The first phase of cleanup began in late January and involved Environmental Protection Agency teams scouring the areas impacted by the fires to identify and remove hazardous materials from homes and structures. On Feb. 10, FEMA and the U.S. Army Corps of Engineers launched Phase 2 of debris renewal for private residential properties in the Eaton and Palisades wildfire impact zones. The process is expected to take months, and until it’s complete, the rebuilding efforts will be on hold.
Tateishi says the AGC of California members are ready to take action while also meeting the needs of their existing backlogs.
“Our contractors are confident that they can meet the pressures of both when it comes to this, as long as it’s coordinated and well organized,” he says.
Tateishi says that at one level it will require coordination between all of the agencies involved in the recovery: federal, state and local. At another level, it will be coordination between the contractors handling the cleanups, an effort the AGC members are already looking at.
“The more coordinated government can be, the better we will be able to respond to this without it impacting the everyday demands that were there already,” Tateishi says.

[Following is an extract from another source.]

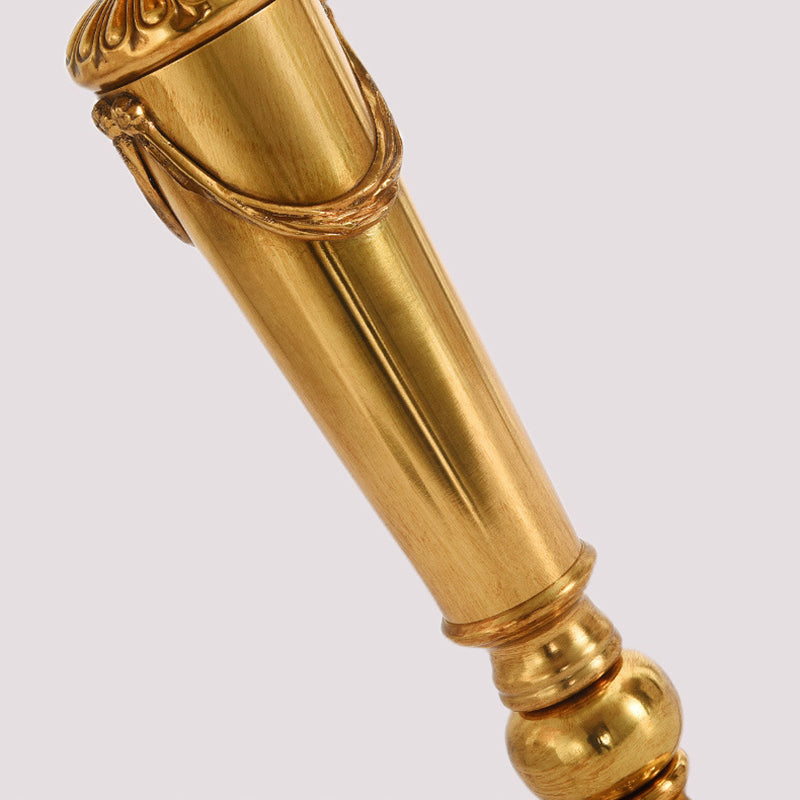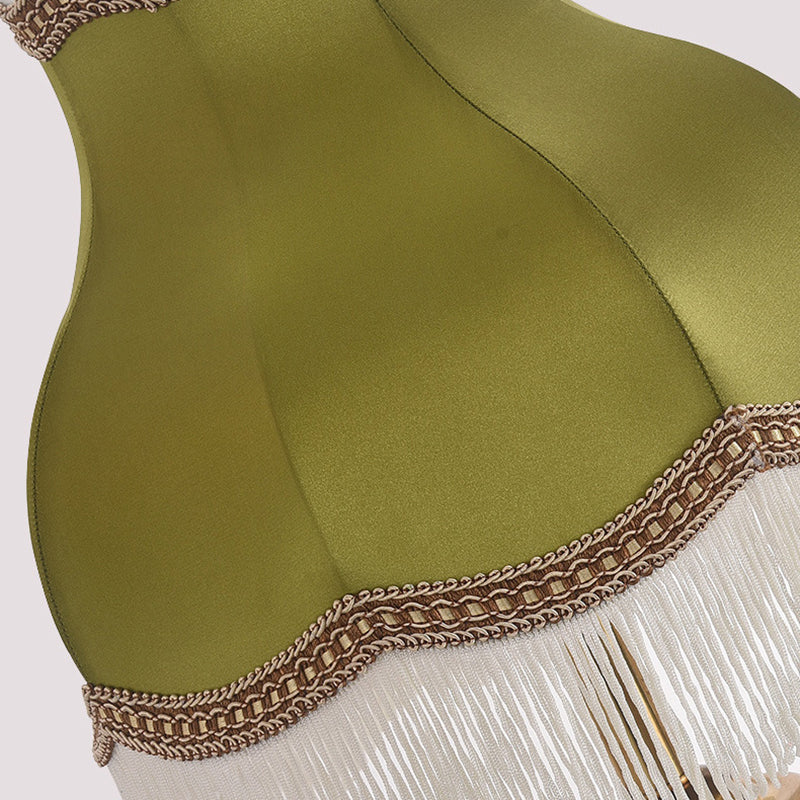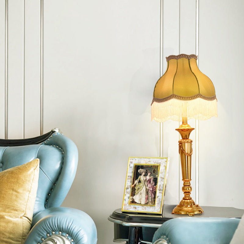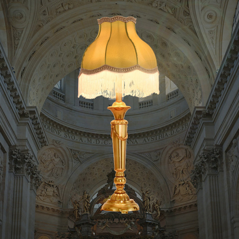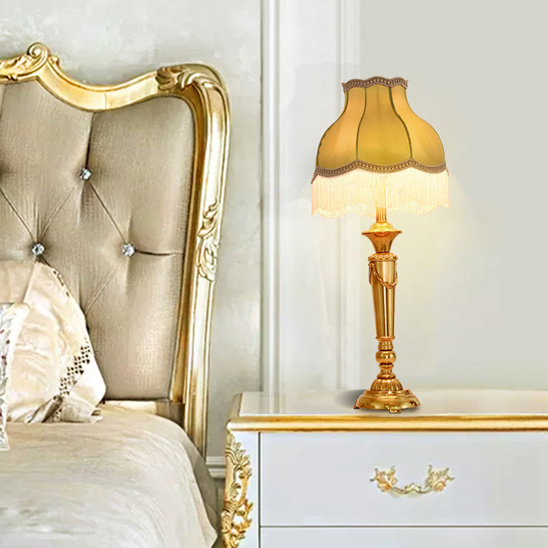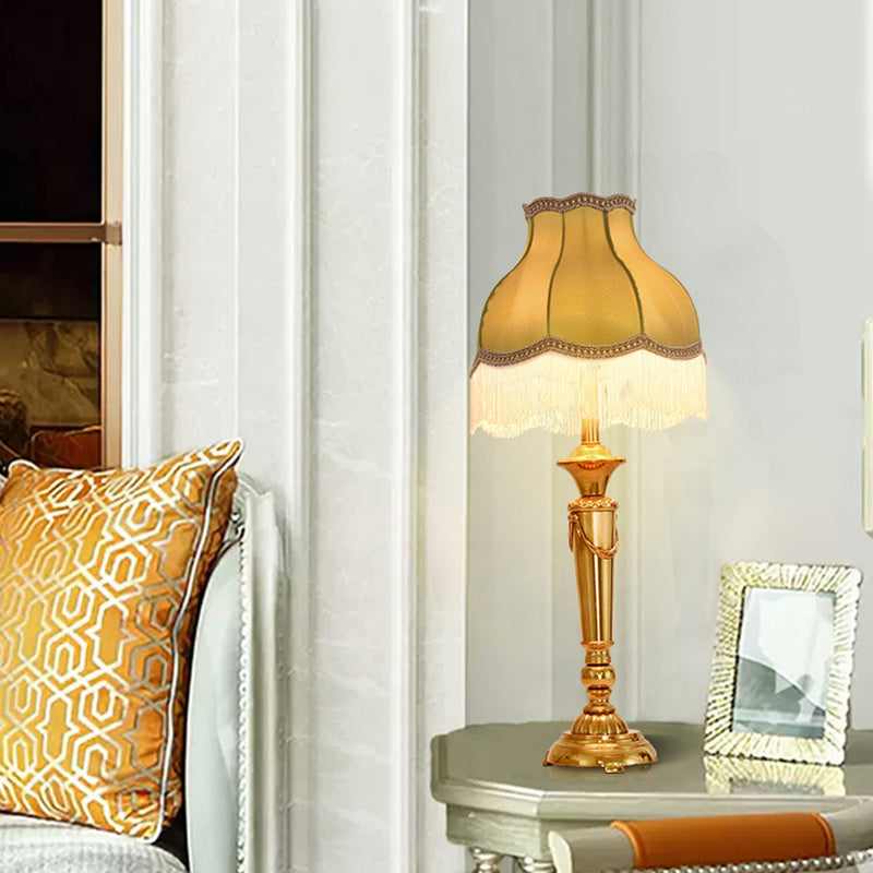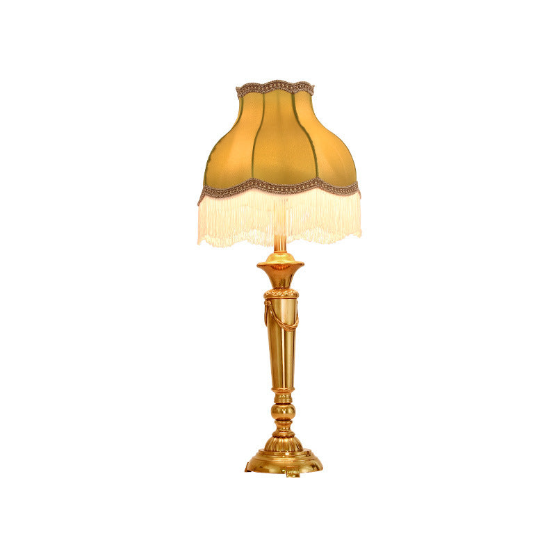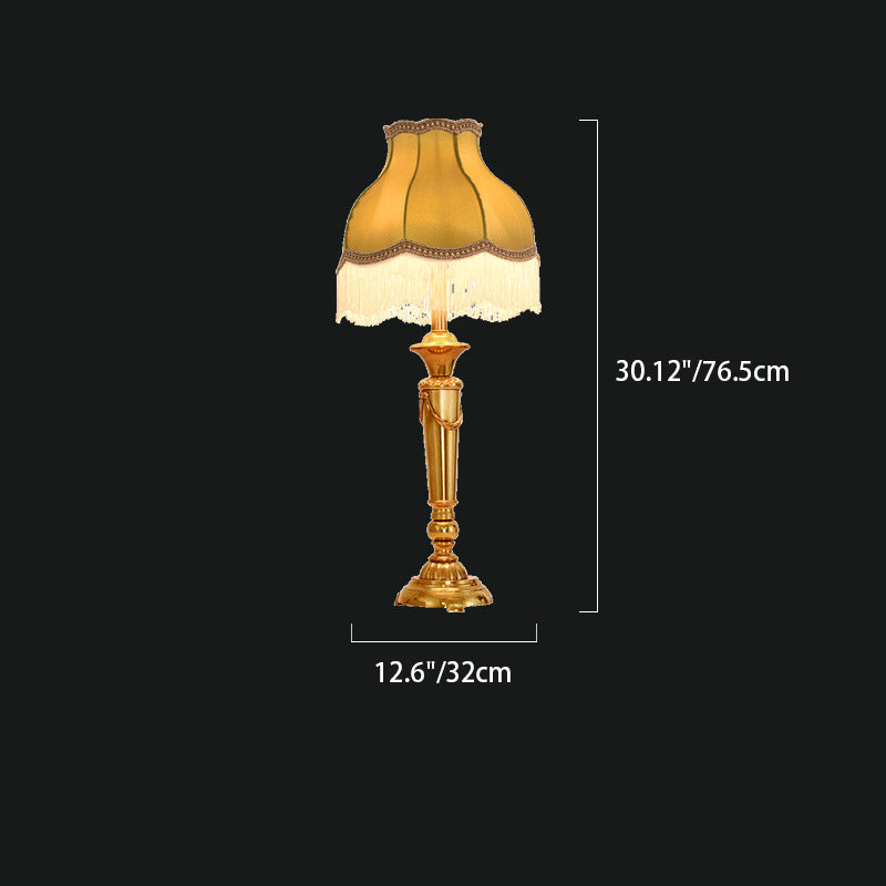 Traditional French Fringe Round Cylinder Fabric Brass 1-Light Table Lamp For Living Room

“We’re here, we’re here to build, we’re here to get things built for our communities”
—Peter Tateishi, CEO, AGC of California
Coordination is only the first hurdle facing the contractors because the industry’s ongoing issues haven’t gone away. A recent optimism survey of AGC of California members identified two key areas of concern: workforce development and the ongoing regulatory environment at both the state and federal level.
Finding qualified employees is only likely to get more difficult given the demands of rebuilding and ongoing polit-ical uncertainty.
Following President Donald Trump’s inauguration on Jan. 20, contractors have been struggling to digest a seemingly endless barrage of policy pronouncements and course corrections from the Oval Office.
From the possibility of federal funding being halted on projects to the spectre of tariffs upending supply lines, the singular effect has been “whiplash,” Tateishi says.
“It puts us in a precarious position because we’re here, we’re here to build, we’re here to get things built for our communities,” he says. “And now this uncertainly comes into play.”
Contractors, he says, are now facing a dilemma on whether they should wait for work that is already in their backlog, but that work may or may not be funded.
“In an industry that needs long lead times, uncertainty is a real problem,” Tateishi says.
For the AGC, the primary task is working with the agencies and elected officials to find clarity and ensure progress is made.
“Our job really is to advocate with the government [and to] try to get them in alignment, to say, let’s do the right thing,” he says.
Still, the ongoing uncertainty complicates the already daunting task of rebuilding while also successfully completing the existing backlog of projects, Tateishi says. And the ripple effects will be immense.
“It will affect the entire economy in California and especially in the Los Angeles area because they’re going to have additional pressures on the economic drivers of construction,” he says.